■ **THE TASK**:
The whole listing needs retyping exactly; keep the pictures out of it.

■ **DATA BLOCK**:
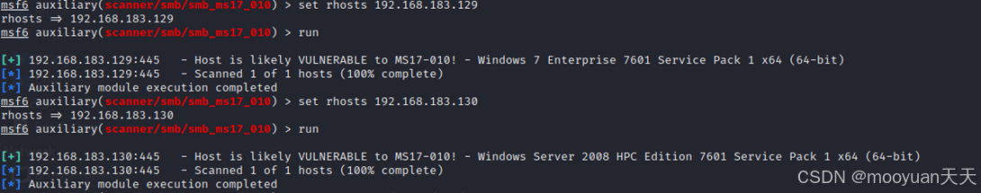 | use auxiliary/scanner/smb/smb_ms17_010 set rhosts 192.168.59.129 run set rhosts 192.168.59.130 run |
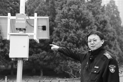 昌平區(qū)環(huán)保局工作人員手指的盒子就是“微站”的核心部件。設(shè)置在昌平公園內(nèi)的這個(gè)實(shí)時(shí)監(jiān)控PM2.5和PM10兩個(gè)因子的微型監(jiān)測(cè)站,可以實(shí)現(xiàn)每一分鐘向系統(tǒng)上傳一次數(shù)據(jù)。 本報(bào)記者童克難攝
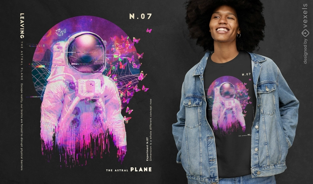 Design lindo de uma camiseta psd de um astronauta com falha no estilo vaporwave. Use este design de t-shirt editável PSD perfeito para plataformas Print on Demand como Merch by Amazon, Printful e muito mais. O modelo vem com PNG pronto para merch!
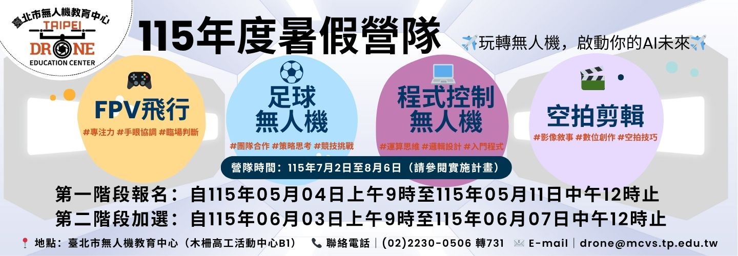 隨著無人機技術在產業發展、教育及日常生活中運用愈發普及,臺北市政府教育局為深化學生認識無人機多元應用,臺北市無人機教育中心於115年暑假7月2日(星期四)至8月6日(星期四),辦理高達25梯次「無人機暑期營隊」,主題涵蓋首次登場「程控無人機」,以及「FPV飛行體驗」、「足球無人機」、「無人機空拍剪輯」、「無人機DIY」等, 營隊自5月4日(星期一)上午9時起開放報名,有意願參與者把握機會!

■ **RESPONSE**:
 | use auxiliary/scanner/smb/smb_ms17_010 set rhosts 192.168.59.129 run set rhosts 192.168.59.130 run |
 昌平區(qū)環(huán)保局工作人員手指的盒子就是“微站”的核心部件。設(shè)置在昌平公園內(nèi)的這個(gè)實(shí)時(shí)監(jiān)控PM2.5和PM10兩個(gè)因子的微型監(jiān)測(cè)站,可以實(shí)現(xiàn)每一分鐘向系統(tǒng)上傳一次數(shù)據(jù)。 本報(bào)記者童克難攝
 Design lindo de uma camiseta psd de um astronauta com falha no estilo vaporwave. Use este design de t-shirt editável PSD perfeito para plataformas Print on Demand como Merch by Amazon, Printful e muito mais. O modelo vem com PNG pronto para merch!
 隨著無人機技術在產業發展、教育及日常生活中運用愈發普及,臺北市政府教育局為深化學生認識無人機多元應用,臺北市無人機教育中心於115年暑假7月2日(星期四)至8月6日(星期四),辦理高達25梯次「無人機暑期營隊」,主題涵蓋首次登場「程控無人機」,以及「FPV飛行體驗」、「足球無人機」、「無人機空拍剪輯」、「無人機DIY」等, 營隊自5月4日(星期一)上午9時起開放報名,有意願參與者把握機會!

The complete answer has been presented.